## What you will do
The copy must hold exactly the lines from the one with "为深入学习宣传贯彻习近平新时" through the end of the listing below, and nothing else, with no pictures.

## Provided material
★ ★ ★ ★ ★
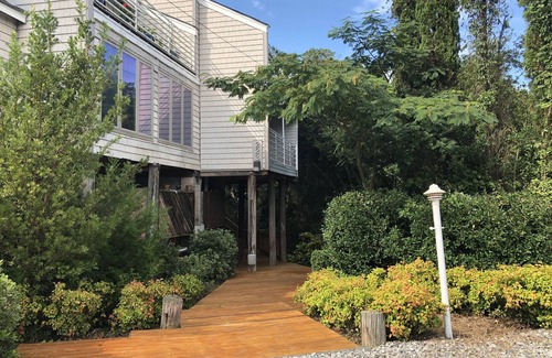 three bedroom house, sleeps 6 Two block walk to the beach and steps from the entrance to First Landing State Park. Large balconies on both floors. Parking for three cars. Full kitchen, washer/dryer, wifi, tv, outdoor shower, jetted tub in master bathroom. Family friendly.
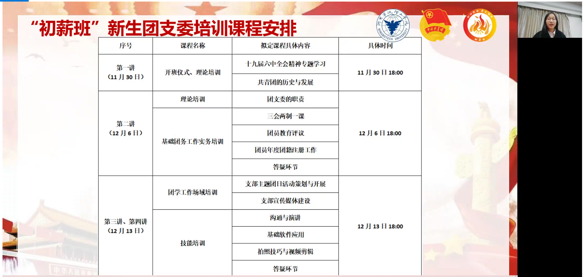 为深入学习宣传贯彻习近平新时代中国特色社会主义思想,特别是习近平总书记关于青年工作的重要思想,贯彻党的十九届六中全会精神,夯实共青团工作基础,加强新生团支部建设。11月30日18:00,学校团委启动第一期“初薪班”新生团支委培训计划,学校党委副书记冯建波、团委书记周春晓、团委业务副主管陈艳老师及新生团支委成员580余人参加线上开班仪式。
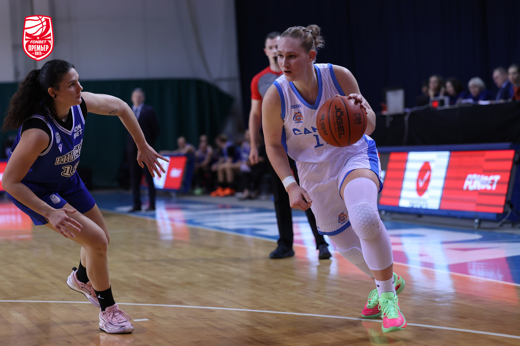Усилиями неудержимой Юлии Полуяновой, которую поддержала Виктория Щербакова, первую четверть «Самара» все же завершила в свою пользу. Полуянова открыла и вторую десятиминутку. «Енисей» держался рядом, на расстоянии одного-двух бросков. Дальнее попадание Елены Михайловой и шикарный проход Сабины Абайдуллиной подарили хозяйкам «+5» к середине периода, а закрепить это преимущество помогли Виктория Щербакова и разыгравшаяся Елена Михайлова: за две с половиной минуты до большого перерыва хозяйки повели уже «+10». Отдыхать соперницы отправились при 8-очковом перевесе «Самары» - 42:34.
★ ★ ★ ★ ★
## Result of this exercise
 为深入学习宣传贯彻习近平新时代中国特色社会主义思想,特别是习近平总书记关于青年工作的重要思想,贯彻党的十九届六中全会精神,夯实共青团工作基础,加强新生团支部建设。11月30日18:00,学校团委启动第一期“初薪班”新生团支委培训计划,学校党委副书记冯建波、团委书记周春晓、团委业务副主管陈艳老师及新生团支委成员580余人参加线上开班仪式。
Усилиями неудержимой Юлии Полуяновой, которую поддержала Виктория Щербакова, первую четверть «Самара» все же завершила в свою пользу. Полуянова открыла и вторую десятиминутку. «Енисей» держался рядом, на расстоянии одного-двух бросков. Дальнее попадание Елены Михайловой и шикарный проход Сабины Абайдуллиной подарили хозяйкам «+5» к середине периода, а закрепить это преимущество помогли Виктория Щербакова и разыгравшаяся Елена Михайлова: за две с половиной минуты до большого перерыва хозяйки повели уже «+10». Отдыхать соперницы отправились при 8-очковом перевесе «Самары» - 42:34.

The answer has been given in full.